* Available records
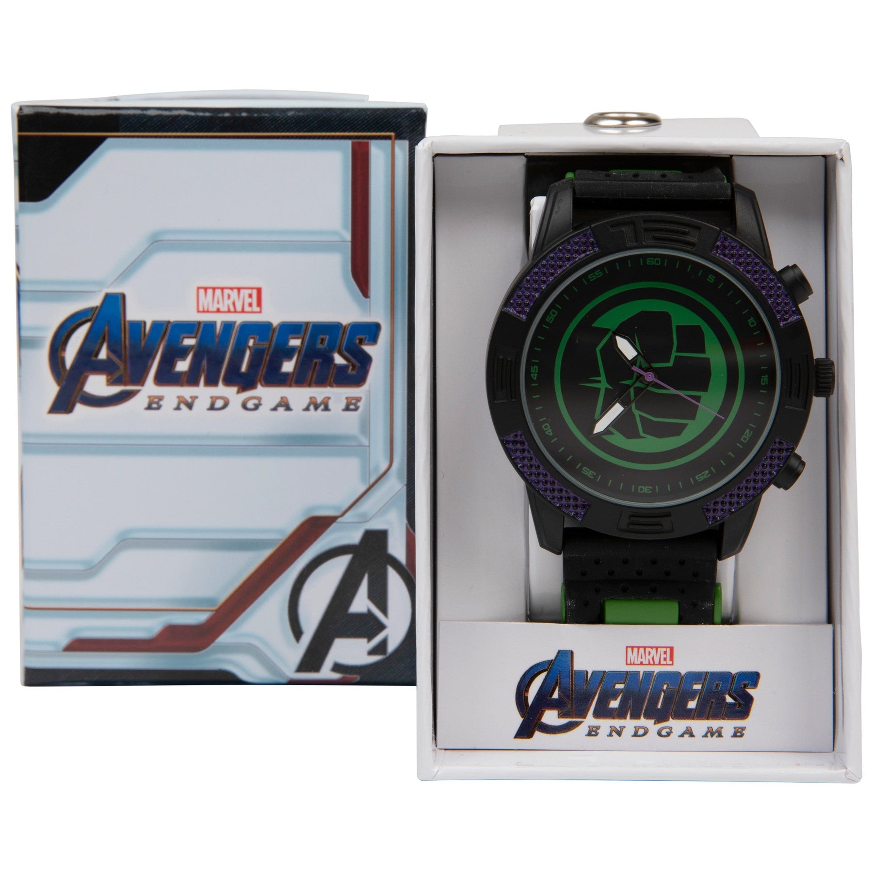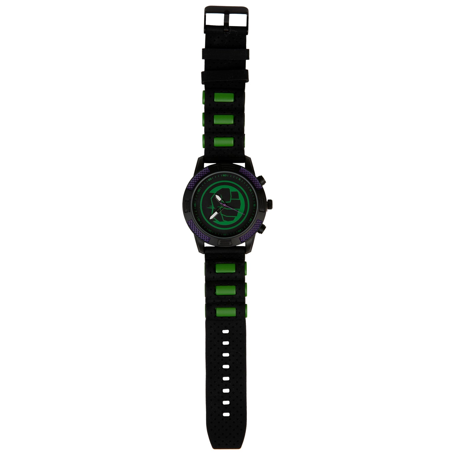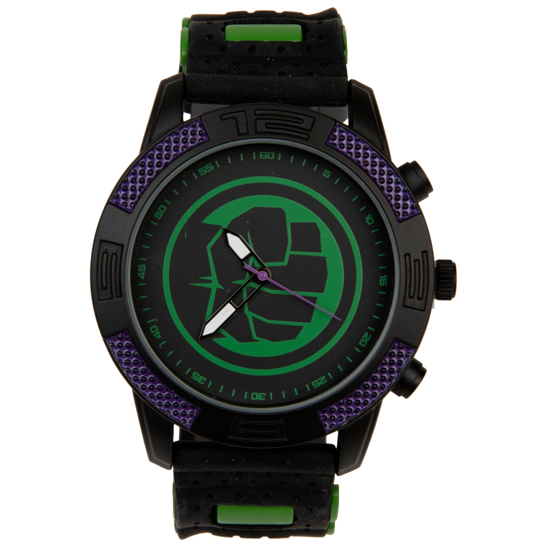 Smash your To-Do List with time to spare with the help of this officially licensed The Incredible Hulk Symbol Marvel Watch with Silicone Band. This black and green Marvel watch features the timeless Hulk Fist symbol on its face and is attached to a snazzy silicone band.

...

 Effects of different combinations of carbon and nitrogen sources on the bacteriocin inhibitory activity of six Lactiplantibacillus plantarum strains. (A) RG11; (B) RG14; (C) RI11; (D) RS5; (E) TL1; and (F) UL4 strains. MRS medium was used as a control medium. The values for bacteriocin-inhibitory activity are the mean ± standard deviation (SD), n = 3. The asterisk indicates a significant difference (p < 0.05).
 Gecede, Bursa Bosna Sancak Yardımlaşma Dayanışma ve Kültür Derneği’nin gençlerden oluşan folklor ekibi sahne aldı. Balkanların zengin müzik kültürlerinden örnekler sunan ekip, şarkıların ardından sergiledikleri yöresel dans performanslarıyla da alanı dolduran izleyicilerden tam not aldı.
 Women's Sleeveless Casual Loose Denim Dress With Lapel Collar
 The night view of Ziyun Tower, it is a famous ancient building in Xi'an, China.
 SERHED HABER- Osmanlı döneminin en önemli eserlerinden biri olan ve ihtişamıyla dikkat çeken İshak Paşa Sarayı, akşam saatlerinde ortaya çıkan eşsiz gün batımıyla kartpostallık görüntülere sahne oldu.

* * *

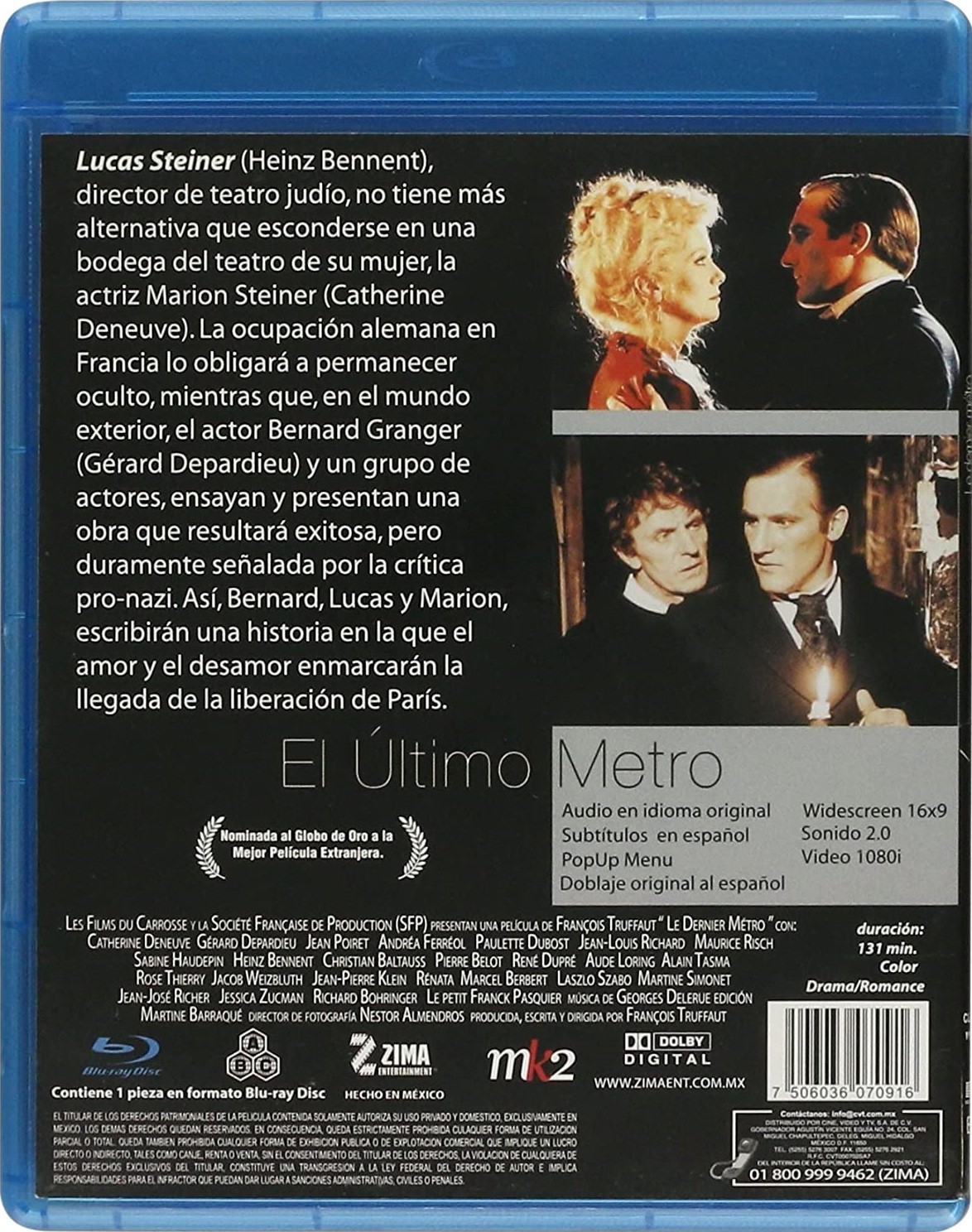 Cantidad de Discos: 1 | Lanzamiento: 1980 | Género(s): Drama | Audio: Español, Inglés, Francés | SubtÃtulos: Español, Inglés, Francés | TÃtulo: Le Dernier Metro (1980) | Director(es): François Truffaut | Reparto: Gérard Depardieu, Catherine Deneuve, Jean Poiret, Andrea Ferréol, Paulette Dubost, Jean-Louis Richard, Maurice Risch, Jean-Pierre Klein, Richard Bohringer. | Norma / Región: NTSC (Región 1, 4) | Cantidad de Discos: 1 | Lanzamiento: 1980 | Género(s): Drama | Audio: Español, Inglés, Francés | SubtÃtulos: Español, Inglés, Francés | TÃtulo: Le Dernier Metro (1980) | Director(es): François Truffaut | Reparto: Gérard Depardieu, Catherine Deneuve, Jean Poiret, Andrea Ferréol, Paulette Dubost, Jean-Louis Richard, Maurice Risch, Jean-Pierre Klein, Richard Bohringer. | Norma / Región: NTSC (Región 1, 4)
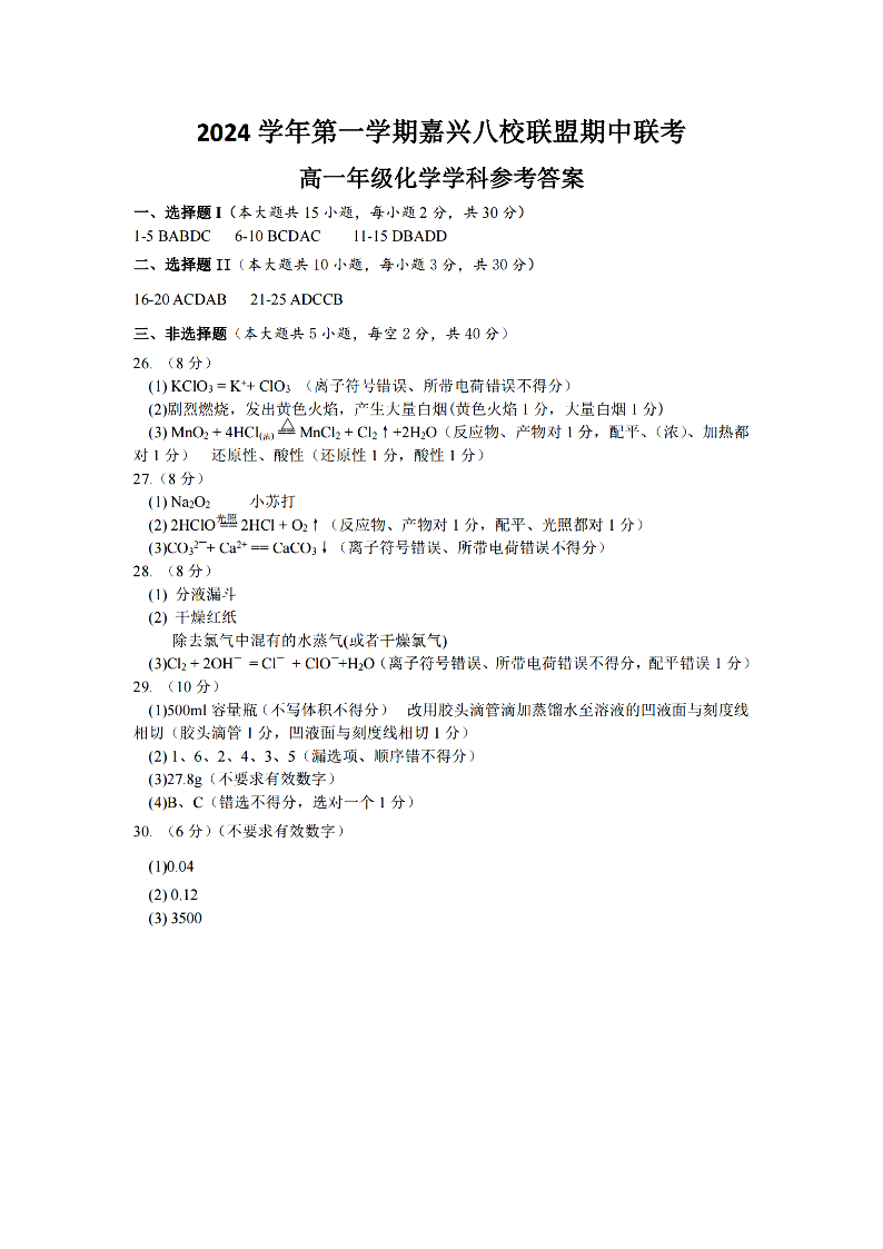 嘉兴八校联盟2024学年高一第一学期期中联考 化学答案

* Instructions to follow
After locating the line holding "Gecede, Bursa Bosna" above, output exactly that line and every line after it through the line holding "Women's Sleeveless Casual". Include nothing else.

* The answer
 Gecede, Bursa Bosna Sancak Yardımlaşma Dayanışma ve Kültür Derneği’nin gençlerden oluşan folklor ekibi sahne aldı. Balkanların zengin müzik kültürlerinden örnekler sunan ekip, şarkıların ardından sergiledikleri yöresel dans performanslarıyla da alanı dolduran izleyicilerden tam not aldı.
 Women's Sleeveless Casual Loose Denim Dress With Lapel Collar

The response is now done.